Palestinians Sue for Use of Road Built for Them
BEIT SIRA, West Bank - Every day, thousands of Israeli drivers speed through the olive-tree-dotted hills and valleys of the West Bank on Highway 443, a popular four-lane roadway connecting Jerusalem and Tel Aviv.
But this convenient commuter shortcut comes at a heavy price for Palestinians.
Since the beginning of the second Palestinian uprising in 2000, only Israelis have been allowed to use the highway because of security concerns - though it is built on Palestinian land and, according to Israeli courts, is meant primarily for the benefit of thousands of Palestinian villagers who live alongside it.
The ban has effectively marooned about 40,000 Palestinians living in a half-dozen villages that have long depended on the 15-mile highway. Residents complain that the closure has ruined their businesses, created frustratingly long and expensive commutes to work and school on back roads, and isolated their communities from emergency and medical services.
Now the Palestinian villagers are taking their grievances to Israel's high court, demanding that Israel reopen the road to them.

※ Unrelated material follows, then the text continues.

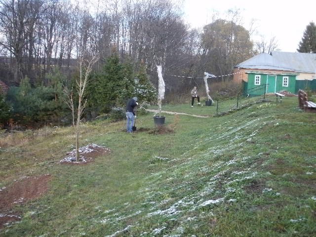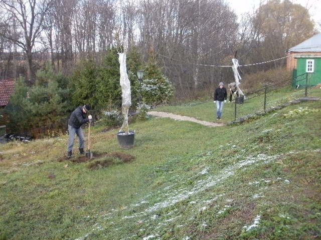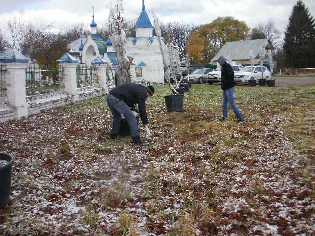 В юбилейный год 700-летия памяти прп. Сергия Радонежского и в преддверии празднования 500-летия прп. Иосифа Волоцкого молодежь нашего прихода из числа МПС «Ковчег», благочестивые прихожане и жертвователи решили не оставаться в стороне и внести свою скромную лепту в общий Праздник Руси: на территории рядом с храмовым комплексом были посажены 25 кленов. Может для кого-то и покажется странной связь этого мероприятия с памятью Святых Угодников, но вспоминаем Евангельскую притчу, повествующей о посаженном малом семени, из которого выросло большое дерево, в ветвях которого укрывались птицы небесные. Были высажены две аллеи – одна перед храмом вдоль главной дороги, вторая — по пути от храма к святому источнику. Даже малое, но доброе дело не пропадет, и как знать, быть может, Игумены Земли Русской пройдут и по нашим кленовым аллеям, обходя дозором свое Отечество.

The court case, in effect, weighs the demands of an estimated 40,000 Israeli commuters, who use the road daily as a rapid thoroughfare, against the needs of about the same number of Palestinians who relied on the road for their own livelihoods.
After a string of Palestinian attacks against Israeli motorists, Israeli authorities barred Palestinians from driving or walking on 443, and they erected steel gates, concrete barriers, walls and security watchtowers to keep them out.
For seven years, Israel has sided with Israeli motorists, turning the highway into a heavily fortified corridor.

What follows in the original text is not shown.